Policy experts at the world’s leading professional association of Environment and Sustainability professionals has today welcomed Prime Minister Teresa May’s confirmation that an overhaul of technical education and skills will form a central part of the Plan for Britain – but warns the strategy must be one for the long term.

Martin Baxter, Chief Policy Advisor at IEMA said this morning that the approach and predicted investment in building a stronger technical skills portfolio to boost the UK’s productivity and economic resilience is positive, and presents an opportunity to drive the UK’s skills profile and commitment to sustainability outside of the EU.
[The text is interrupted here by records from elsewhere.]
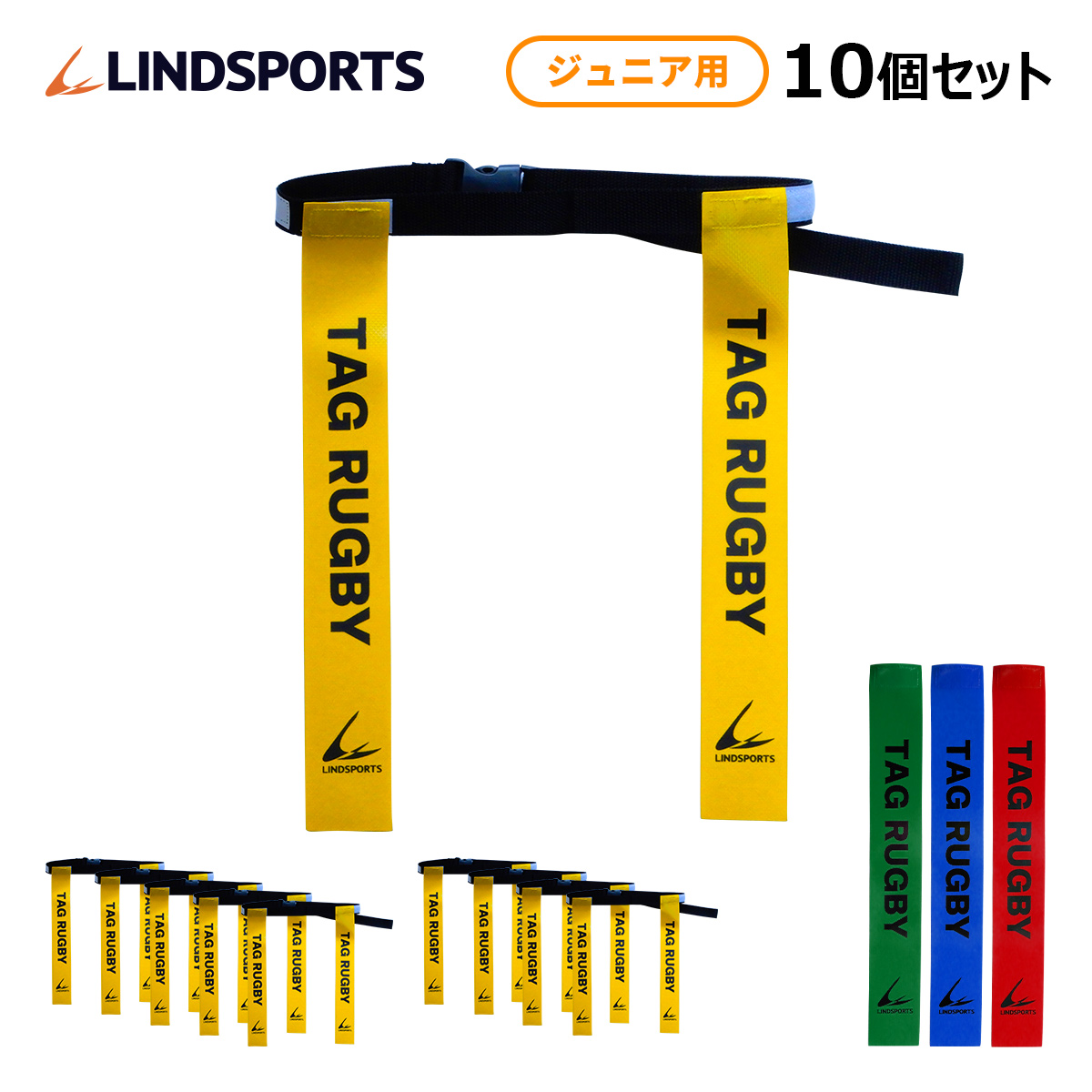タグラグビー NEW タグベルト ジュニア (ウエスト 約53cm〜90cm) 10個セット LINDSPORTS リンドスポーツ
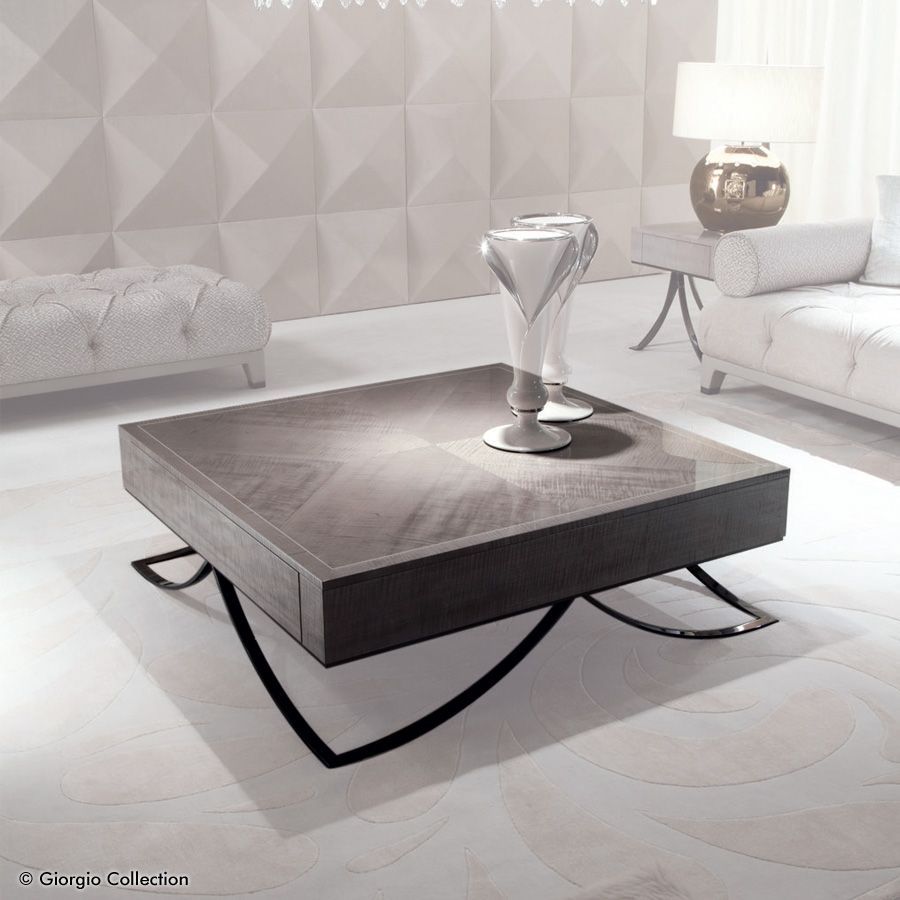 Квадратный журнальный столик облицован шпоном из платана тигрового рисунка с эффектом солнечных лучей и с глянцевым полиэфирным покрытием.
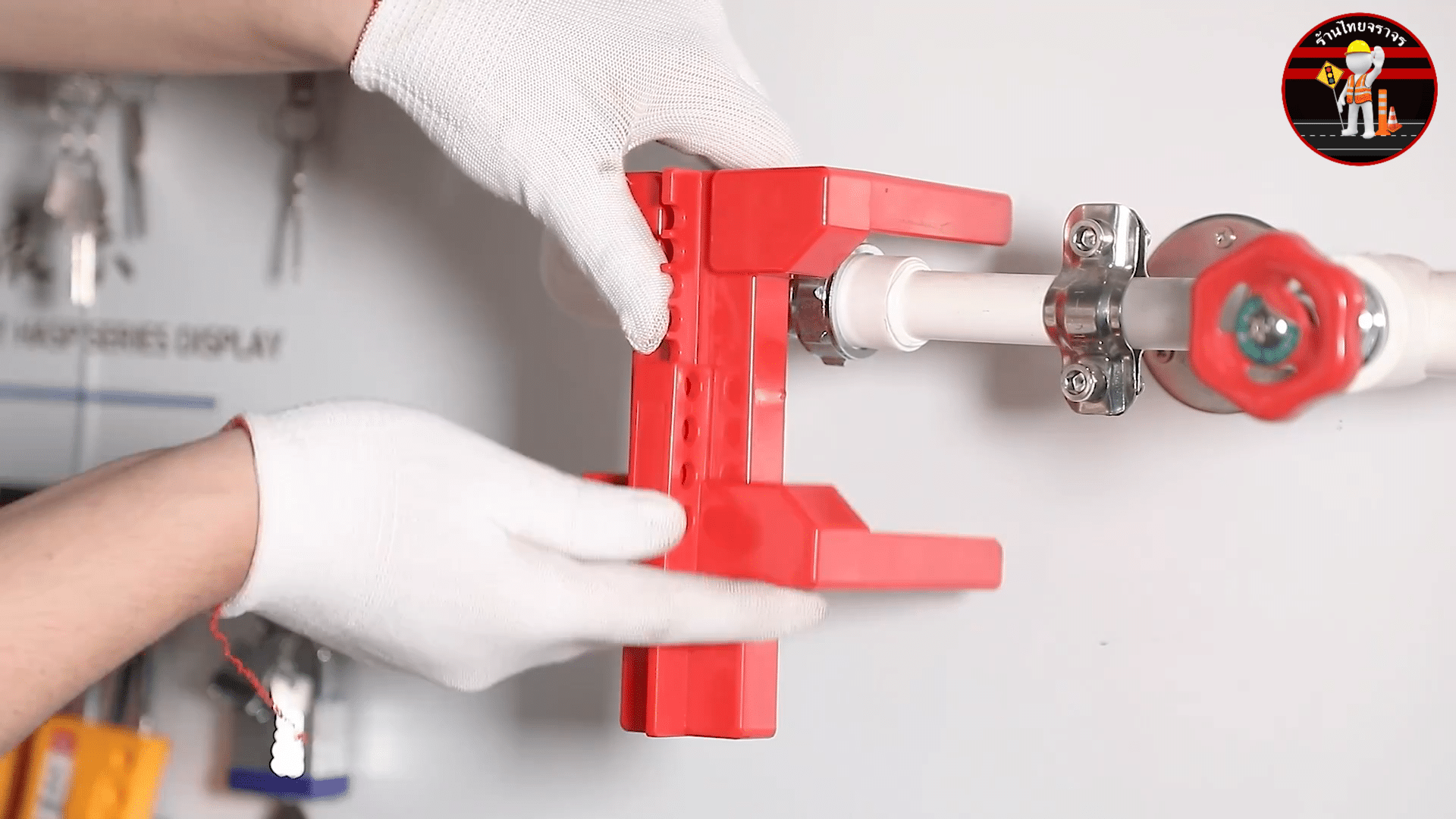นำตัวล็อคมาครอบหรือประกบกับส่วนควบคุมของวาล์ว (เช่น ด้ามจับหรือแกนหมุน) ในตำแหน่งที่ต้องการ เช่น ตำแหน่ง “ปิด” แล้วล็อคตัวล็อควาล์วให้แน่น
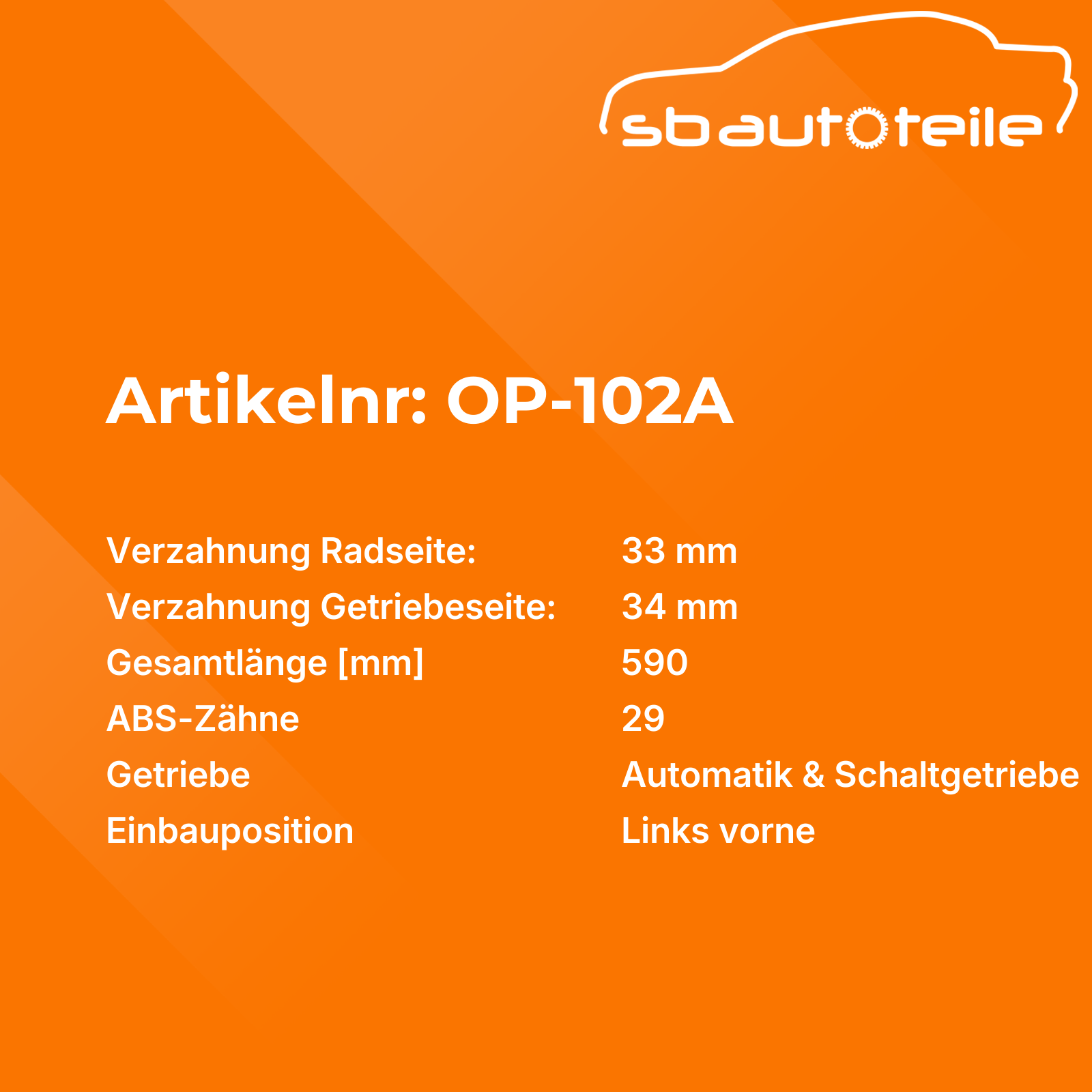 Informationen zu Antriebswelle Links vorne OP-102A
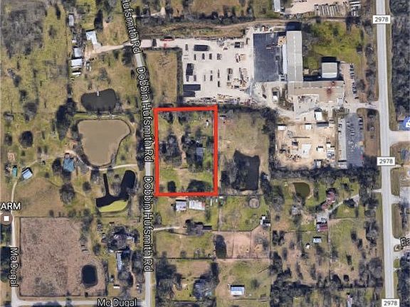 5 acres of unrestricted land with 375 feet of frontage on Dobbin Huffsmith! There is a house on the property that flooded during the May 2016 flood, but is slowly being repaired. The property, however, is not located in the flood plain. There are two septic systems on the property, one field & drain and one aerobic.

Commenting on the launch of the Government’s Industrial Strategy Green Paper, Baxter said today:

“Government must use the Industrial Strategy as an opportunity to accelerate the UK’s transition to a low-carbon, resource efficient economy – one that is flexible and agile and which gives a progressive outlook for the UK’s future outside the EU.

We welcome the focus on skills and education, as it is vital that tomorrow’s workforce has the competence and capability to innovate and compete globally in high-value manufacturing and leading technology.

There is a real opportunity with the Industrial Strategy, and forthcoming 25 year Environment Plan and Carbon Emissions Reduction Plan, to set long-term economic and environmental outcomes which set the conditions to unlock investment, enhance natural capital and provide employment and export opportunities for UK business.

We will ensure that the Environment and Sustainability profession makes a positive contribution in responding to the Green Paper.”